Dr. Roy received the National Science Foundation Career Development Award in 1995, IBM faculty partnership award, ATT/Lucent Foundation award, 2005 SRC Technical Excellence Award, SRC Inventors Award, Purdue College of Engineering Research Excellence Award, Humboldt Research Award in 2010, 2010 IEEE Circuits and Systems Society Technical Achievement Award (Charles Desoer Award), Distinguished Alumnus Award from Indian Institute of Technology (IIT), Kharagpur, Fulbright-Nehru Distinguished Chair, DoD Vannevar Bush Faculty Fellow (2014-2019), Semiconductor Research Corporation Aristotle award in 2015, and best paper awards at 1997 International Test Conference, IEEE 2000 International Symposium on Quality of IC Design, 2003 IEEE Latin American Test Workshop, 2003 IEEE Nano, 2004 IEEE International Conference on Computer Design, 2006 IEEE/ACM International Symposium on Low Power Electronics & Design, and 2005 IEEE Circuits and system society Outstanding Young Author Award (Chris Kim), 2006 IEEE Transactions on VLSI Systems best paper award, 2012 ACM/IEEE International Symposium on Low Power Electronics and Design best paper award, 2013 IEEE Transactions on VLSI Best paper award. Dr. Roy was a Purdue University Faculty Scholar (1998-2003). He was a Research Visionary Board Member of Motorola Labs (2002) and held the M. Gandhi Distinguished Visiting faculty at Indian Institute of Technology (Bombay) and Global Foundries visiting Chair at National University of Singapore. He has been in the editorial board of IEEE Design and Test, IEEE Transactions on Circuits and Systems, IEEE Transactions on VLSI Systems, and IEEE Transactions on Electron Devices. He was Guest Editor for Special Issue on Low-Power VLSI in the IEEE Design and Test (1994) and IEEE Transactions on VLSI Systems (June 2000), IEE Proceedings -- Computers and Digital Techniques (July 2002), and IEEE Journal on Emerging and Selected Topics in Circuits and Systems (2011). Dr. Roy is a fellow of IEEE.

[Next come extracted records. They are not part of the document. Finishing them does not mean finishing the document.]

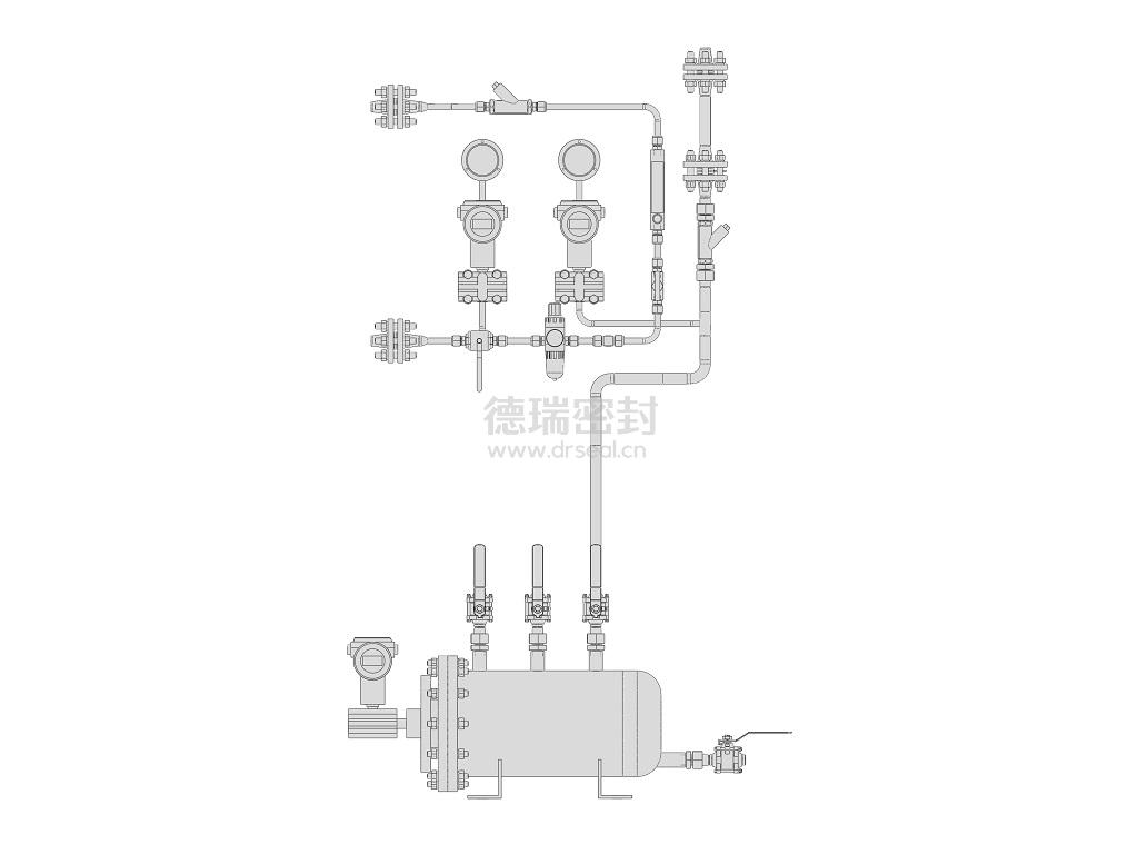 4. 系統(tǒng)與密封排氣口連接,當(dāng)密封泄漏時,會引起系統(tǒng)內(nèi)壓力增加,觸發(fā)壓力變送器報警。泄漏介質(zhì)會通過系統(tǒng)管路輸送到收集器,安裝在收集器上的液位變送器用于決定是否需要排液,也可用于監(jiān)測泄漏速率;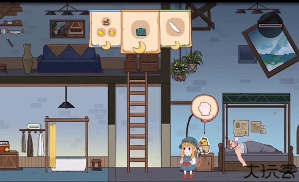 4、拿到帽子之后,玩家要返回在床头上这边有一个闹钟,设置一下,去爬梯子。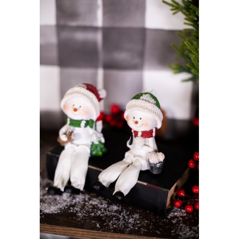 Spruce up some of your shelves for the holiday season with some playful 4.5″ shelf sitters. These charismatic characters have a cheerful smiles, cozy winter hats and scarfs, and little black boots. The red and green accents will allow these snowmen to provide the finishing touches for your whimsical accent pieces, ribbon, and sprays with their adorable details.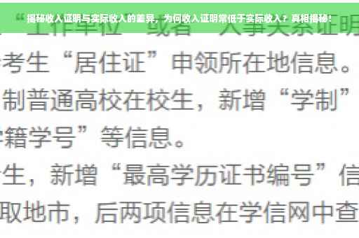随着社会的快速发展,个人收入问题愈发受到广泛关注,在求职、贷款等关键时刻,收入证明成为衡量我们经济状况的重要凭证,但很多人发现,手中的收入证明上的数字往往不及实际到手的收入多,这其中究竟隐藏着怎样的秘密呢?我们就来一起深入探讨这一话题。
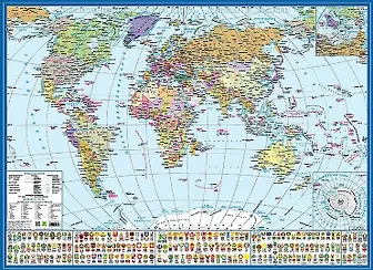 Политическая карта мира отпечатана на плотном картоне с глянцевой двусторонней ламинацией. Содержит изображения гербов и флагов. Карта может использоваться как справочно-информационное и учебное пособие. Углы карты закруглены. Масштаб: 1:58 млн.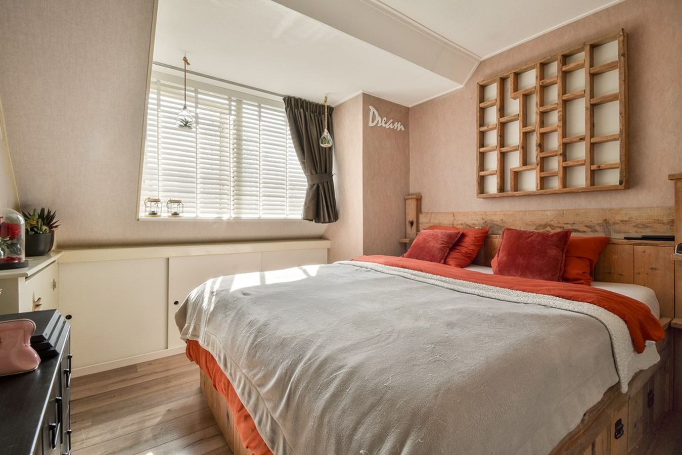 Via een vaste trap bereik je de tweede verdieping. Hier bevindt zich de vierde slaapkamer, voorzien van een dakraam, zonwering, nette vloer- en wandafwerking en bergruimte achter de knieschotten. De achtertuin is keurig verzorgd en biedt volop privacy. Je vindt hier een houten berging en de veranda. De voortuin draagt bij aan de verzorgde uitstraling van de woning en biedt voldoende ruimte voor groen of een zitje.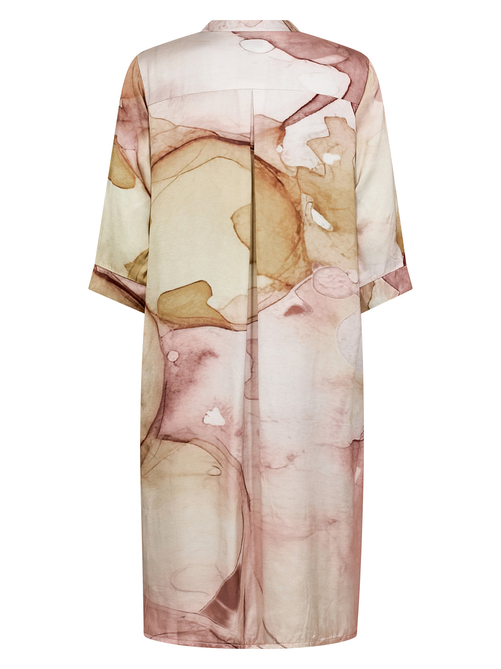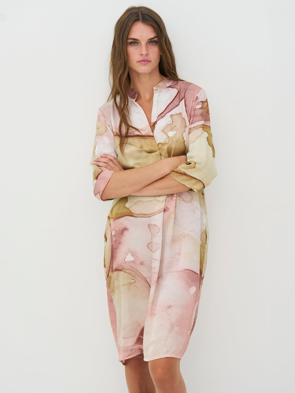Denne tunikakjolen har et enkelt snitt og en rett passform som faller lett og behagelig langs kroppen. Den åpne V-halsen gir et elegant utseende, mens de 3/4 ermelengdene legger letthet til silhuetten.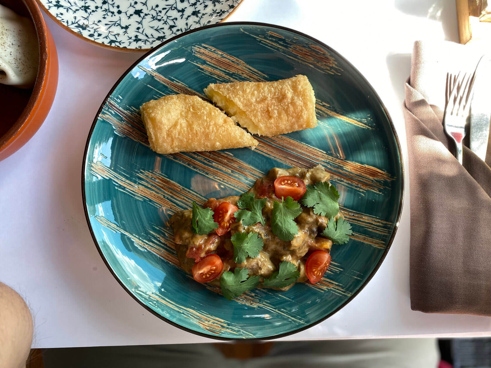 Баранина, томленая в сливочном соусе с грибами и свежим тархуном подается с интересным роллом из пшеничной муки с ташмиджаби (картофельное пюре с сыром сулугуни) на манер спринг-ролла. Мясо приготовлено так, что не сразу понимаешь, что перед вами баранина, а грузинский «спринг ролл» выглядит уместно и отлично дополняет мясо.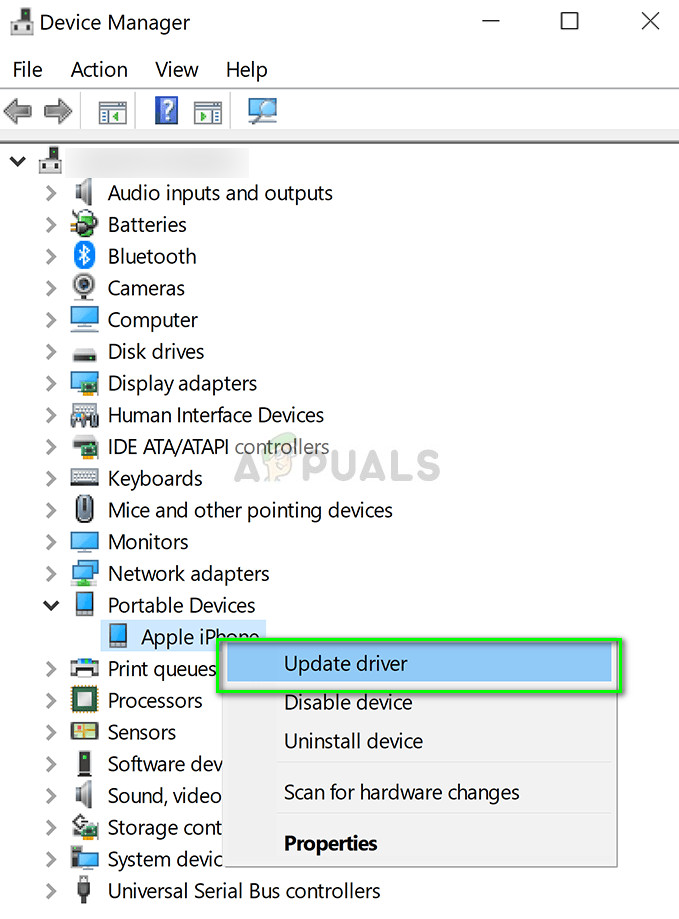- Once in the device manager, expand Portable devices, right-click on your Apple device and click Update driver.

Abstract: Advances in machine learning, notably deep learning, have led to computers matching or surpassing human performance in several cognitive tasks including vision, speech and natural language processing. However, implementation of such neural algorithms in conventional "von-Neumann" architectures are several orders of magnitude more area and power expensive than the biological brain. Hence, we need fundamentally new approaches to sustain exponential growth in performance at high energy-efficiency beyond the end of the CMOS roadmap in the era of ‘data deluge’ and emergent data-centric applications. Exploring the new paradigm of computing necessitates a multi-disciplinary approach:exploration of new learning algorithms inspired from neuroscientific principles, developing network architectures best suited for such algorithms, new hardware techniques to achieve orders of improvement in energy consumption, and nanoscale devices that can closely mimic the neuronal and synaptic operations of the brain leading to a better match between the hardware substrate and the model of computation. In this talk, I will focus on our recent works on neuromorphic computing with spike based learning and the design of underlying hardware that can lead to quantum improvements in energy efficiency with good accuracy.